Miavana Island Sanctuary, Madagascar

Accessed by helicopter and set on a protected island, Miavana is Madagascar’s first ultra-luxury five star lodge. It’s on Nosy Ankao, the largest of a private five-island reef-enclosed archipelago off the mainland’s northeast coast. The sanctuary has 14 huge villas  – the smallest are 450 square metres – all with direct beach access, plus private pools and eco-friendly cooling systems. Villas are outfitted with snorkelling gear and there’s also reef and wreck scuba diving, plus guided turtle-, whale- and dolphin-watching, and kayak excursions, kite-surfing, and fishing (deep sea and fly). Half-an-hour by boat and you’re within the mainland’s Loky Manambato Protected Area where you’ll spot lemurs and rare golden-crowned sifakas on guided forest walks.

Hallmark House, Jo’burg

It’s all about urban views – and enjoying instant access to the spirit of rejuvenation and inner city buzz that’s made Maboneng the talk of the town in recent years.

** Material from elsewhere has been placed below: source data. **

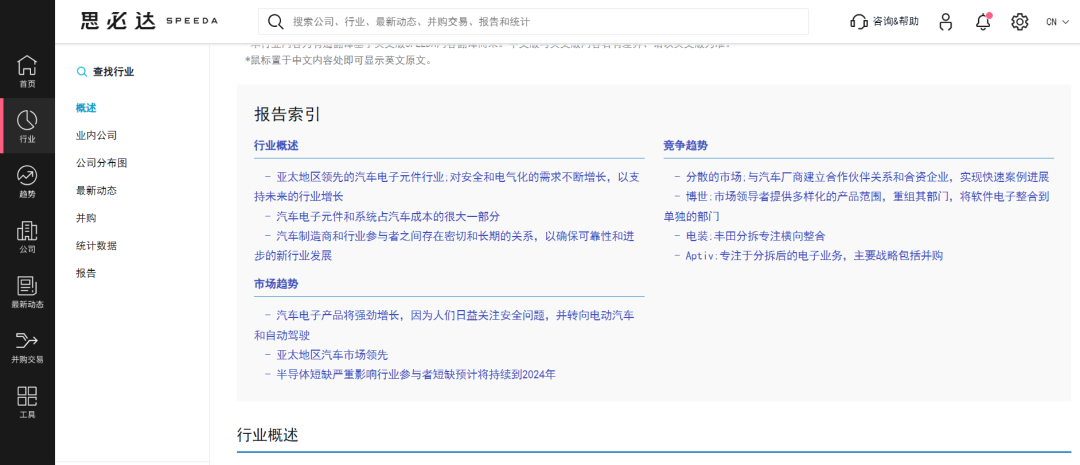 SPEEDA的行业分析细分到了560个,结合了很多数据源,做了大量的数据分析。如果大家资源有限,可以重点参考我们的概述章节(如下图),结构内容较完整,可以作为探索性调研的参考。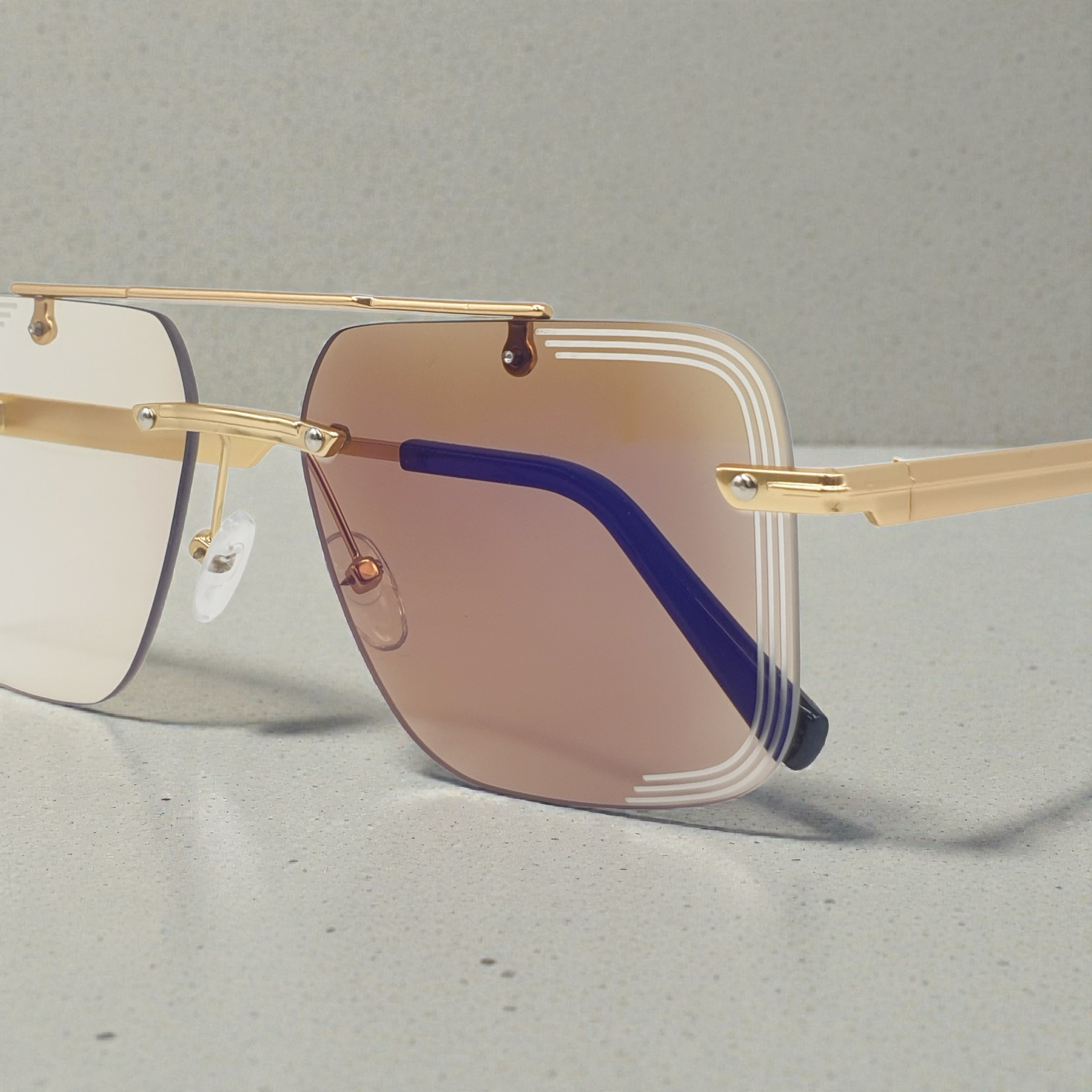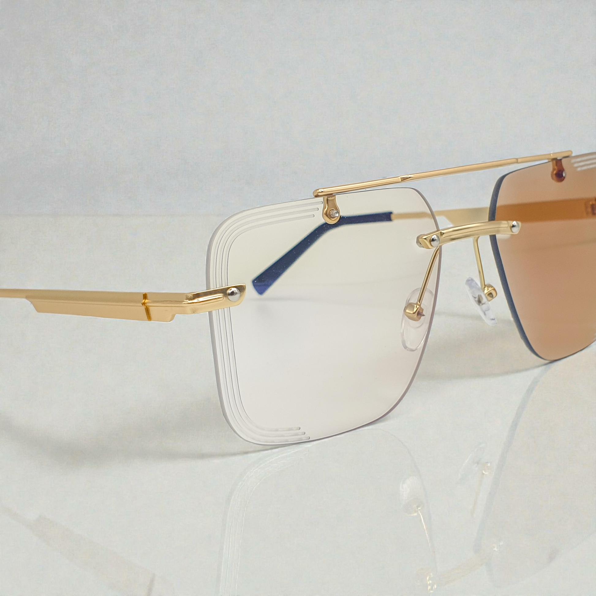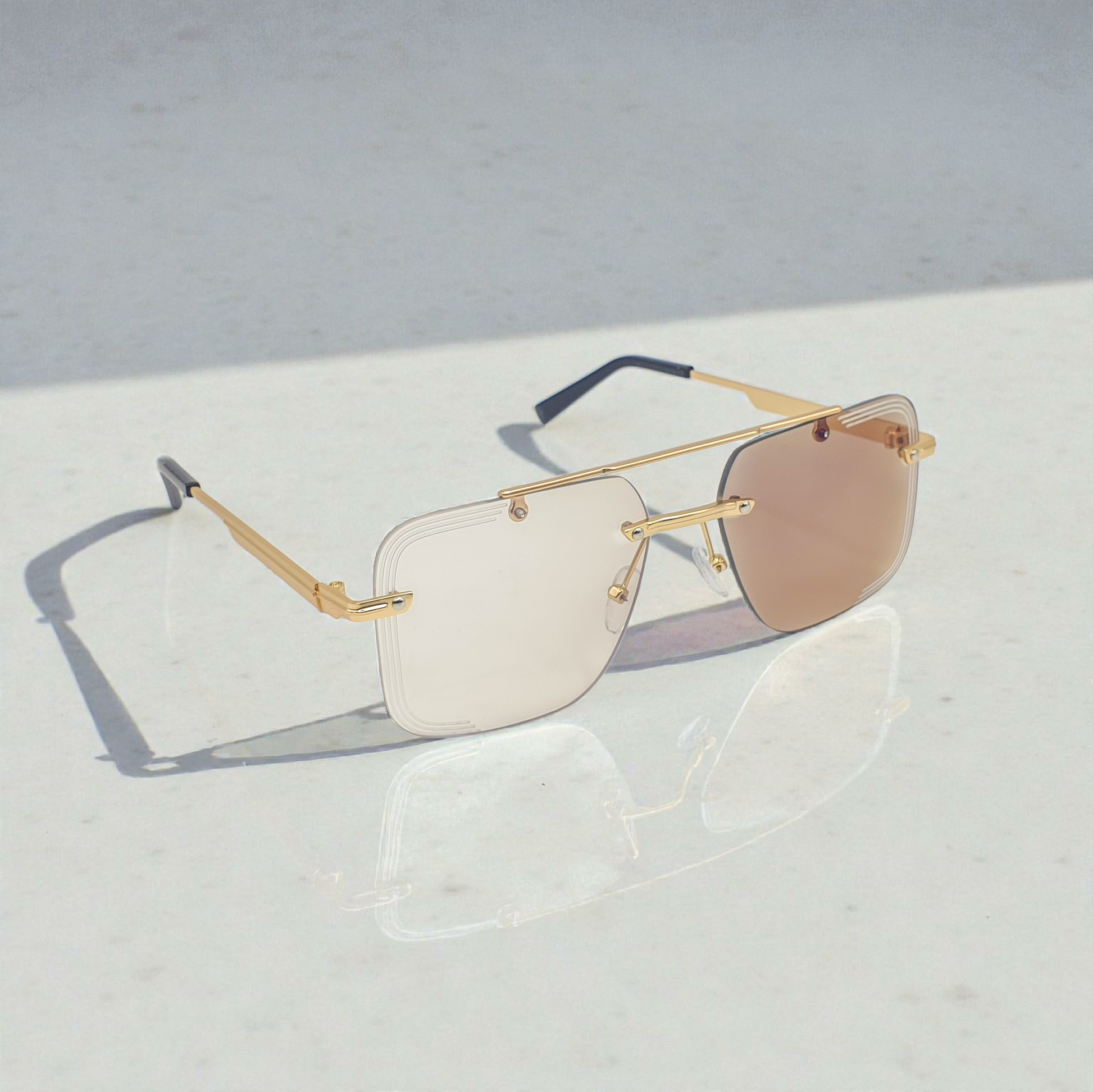 Premium rimless square sunglasses with luxury gold-tone metal frame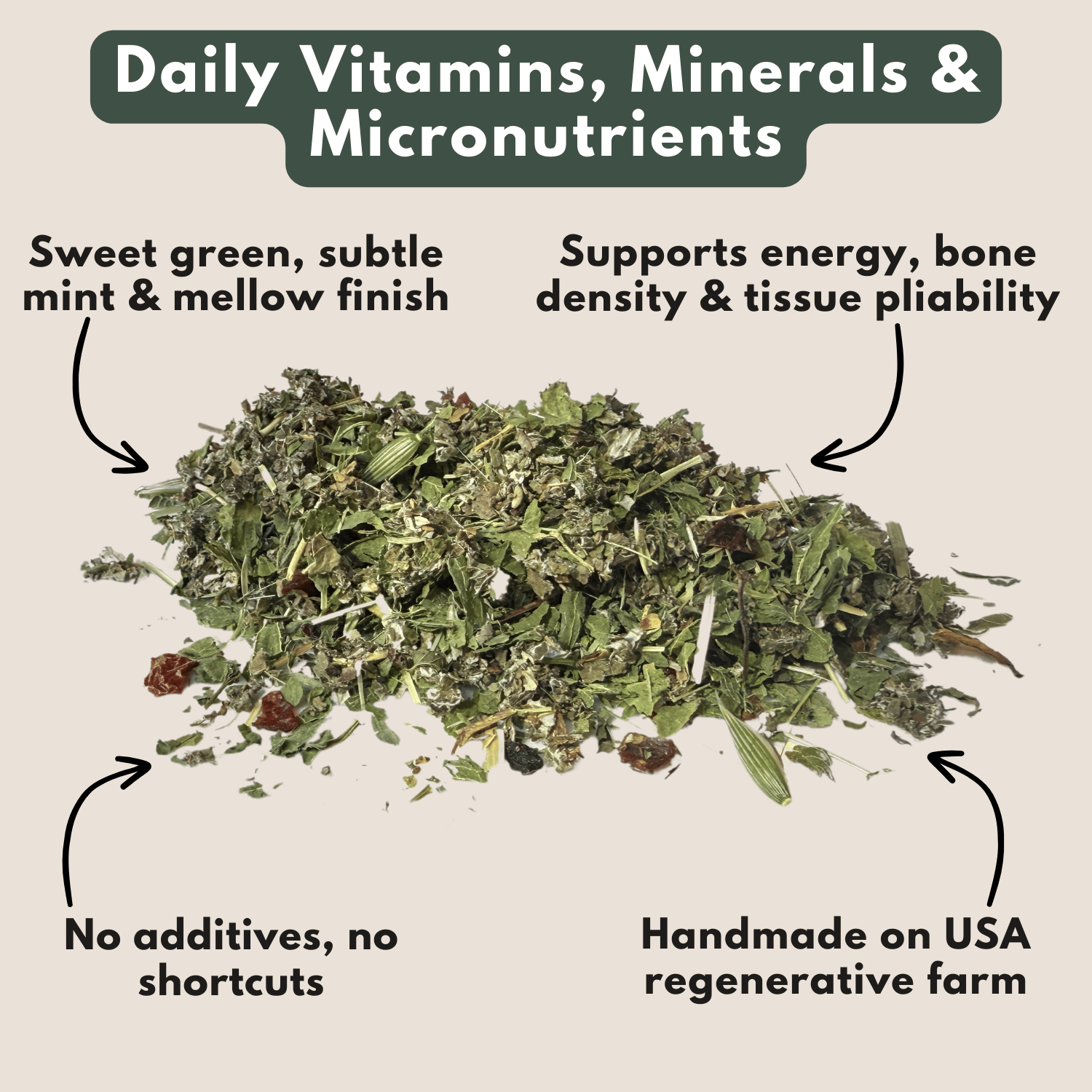 Paired with the nutrient density of Alfalfa, Nettle, and Raspberry Leaf, it provides a massive infusion of bio-available calcium, magnesium & silica to protect bone density and help you feel physically sturdy.
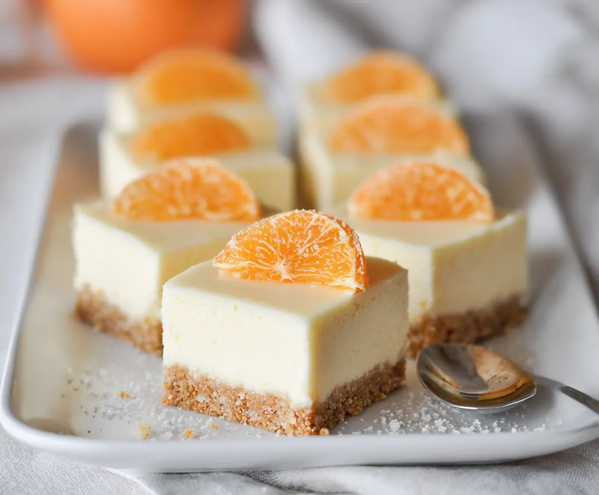 Once your cheesecake bars are chilled, carefully lift them out of the pan using the parchment overhang. Cut into squares and garnish each bar with a fresh orange or mandarin segment and a sprinkle of graham cracker crumbs if you like. Serve these bright and creamy Orange Creamsicle Cheesecake Bars chilled, and watch them disappear!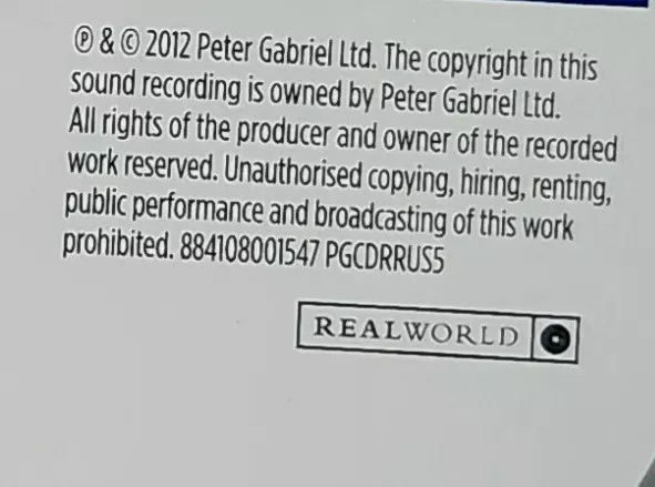 | Casa editrice | Real World Records |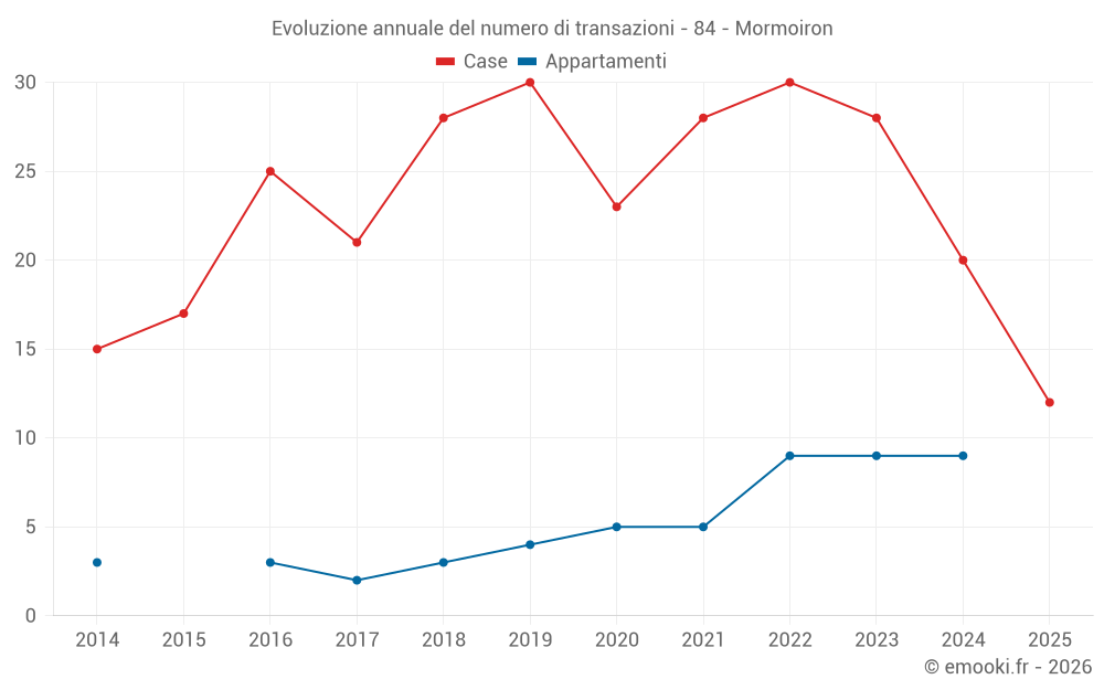 Il prezzo mediano sulle 22 transazioni di case degli ultimi 12 mesi nel comune di Mormoiron era di 2 748 € al metro quadrato per un valore patrimoniale mediano di 312 500 €. In questo periodo il 60% delle transazioni era tra 2 206 e 3 899 € al metro quadrato (dal 2° all'8° decile).

Occupying two floors of a 15-storey block built in the 1970s as a diamond-polishing centre, this 46-room hotel is modern and upbeat, with cool, funky urban interiors by  Malica Design. The building’s rejuvenation is by David Adjaye, whom Time magazine recently named the world’s most influential architect. The rest of the building is given over to residential apartments. Balconies afford tip-top city views, and down below lie Maboneng’s art galleries, weekend markets, theatre and independent cinema. The precinct is abuzz with inner city walking tours, café culture, boutiques, yoga studios, a brewery, and numerous restaurants, including one on the ground floor and – up on the roof – another, The Grande.